Most of the violins have been restored: revarnished, restrung, the bridge, chin rest and other parts replaced. But some have been left untouched, so you can see they’ve been to hell and back, literally. Violins are light enough to carry, even on a death march; valuable enough to bury in the backyard, or sell, if you’re starving.
Many musicians in the concentration camps could lengthen their lives by playing in orchestras there, because many Nazis liked to listen to classical music and forced their prisoners to entertain them. A surprising number of violins survived the Holocaust, even though their owners didn’t.

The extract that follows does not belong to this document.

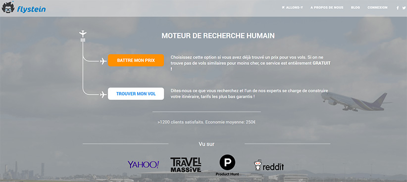 Flystein se décrit comme un moteur de recherche humain. Le fait qu’il y ait de l’humain derrière me semble prometteur. C’est une offre innovante, loin des comparateurs de prix traditionnel.

Tel Aviv luthier Amnon Weinstein, himself a son of Holocaust survivors from Lithuania, began collecting these violins after another Holocaust survivor brought him one to restore. When Weinstein opened up the man’s violin, he found ashes inside from the concentration camp the man had once played in.
Initially appalled, Weinsten began to lovingly restore them as vehicles for the transmission of history. His collection expanded on that of his father’s, who held on to instruments other Holocaust survivors were desperate to discard as they sloughed off all things German to start life anew in Israel.
Weinstein’s son Avshalom inherited his father’s love of violin-making, as well as his passion for keeping the memory of the Holocaust alive as the world’s collective memory of it fades with passing of the last generation of survivors. “There was music everywhere. Every camp had at least one orchestra,” he said.